「知育」要素を取り入れたおもちゃ開発
マクドナルドが一時期の不振を脱し、復調目覚ましい。今年5月まで、既存店売上高は42カ月連続で対前年同月比プラスとなっている。新メニュー開発や店舗リニューアルなど、さまざまな改善が行われてきた結果だろう。一連の改革のひとつの柱となったのが、「ファミリー層の重視」という方針だ。
たとえば2014年8月には、他社に先駆けて「全店完全禁煙」を実施。子供たちを受動喫煙から守りたいと考える親にアピールした。それにあわせて老朽化した店舗のデザインを一新。明るく清潔な雰囲気に切り替えていった。
このような環境整備のうえで取り組んだのが、「ハッピーセット改革」だった。
これまでハッピーセットのおもちゃといえば、人気アニメなどとのタイアップ企画のイメージが強く、ラインアップは男女や年齢層に合わせて4パターン程度となっていた。
約2年前に始まった改革の結果、新たに加わったのが「オリジナル企画」のおもちゃだ。主に「知育」に焦点を当てたもので、既存のキャラクターに頼ることなく、自動車や船などの乗り物を組み立てられるブロックやミニサイズの図鑑・絵本などが登場した。昨年7月からはおもちゃ1~2種類に加えて、絵本と図鑑をそれぞれ1種類ずつ必ず選べるようにしている。
「ためになるおもちゃを」母親たちからの要望
こうした変化の背景には、来店動機を変えたいというマクドナルド側の狙いがある。子供が人気キャラクターの景品を欲しがるから、仕方なくマクドナルドに行くというのは「消極的」な来店動機だ。それよりも知育おもちゃを目当てに、親が進んで子供をマクドナルドに連れて行くようになれば、それは「積極的」な来店動機になる。
ただし、そのためには子供が夢中で遊ぶものであることが前提になる。
日本マクドナルドのサラ・カサノバ会長は、社長職にあった頃、事業建て直しのため、全国47都道府県の店舗を回って、計352人の顧客の声を直接聞く少人数のタウンミーティングを行った。

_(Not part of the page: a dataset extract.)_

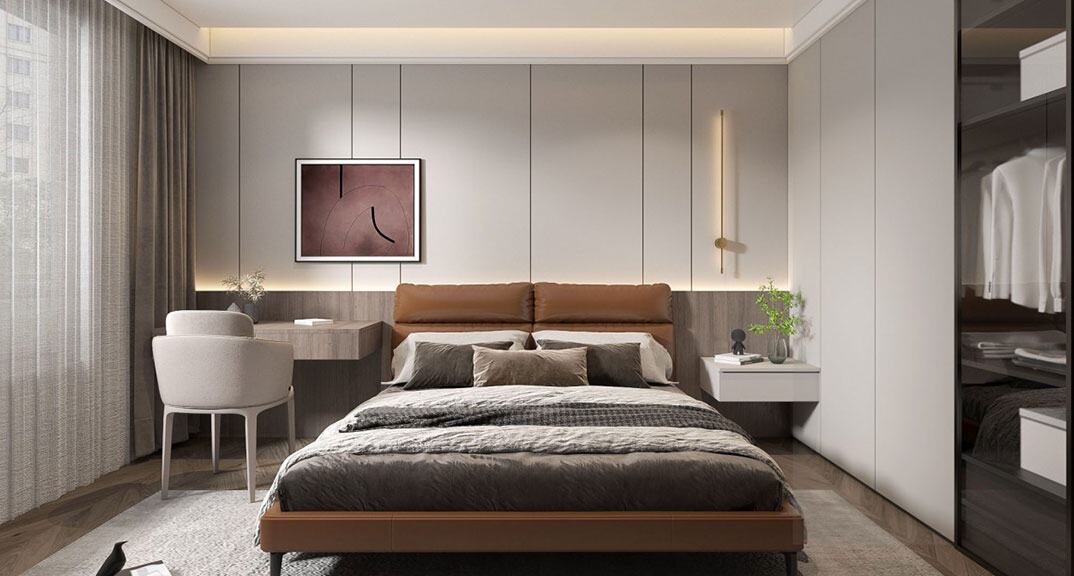 金地·錦宸135㎡三室二廳主臥現(xiàn)代簡約風(fēng)格戶型研發(fā)案例效果圖

そのとき「ハッピーセットの改革」を顧客から要望されたという。
また、マーケティング部門では定期的に、インターネットや街頭インタビューなどで親たちに「ハッピーセットの景品に何を望むか」というリサーチを行っている。ここでも同様に、知育おもちゃへの要望が高い傾向が出ていた。
ナショナルマーケティング部の元浜裕貴統括マネジャーは「お母様たちからよく言われるのは『子供のためになって、子供が夢中で遊んでくれるおもちゃをつくってほしい』ということです」と話す。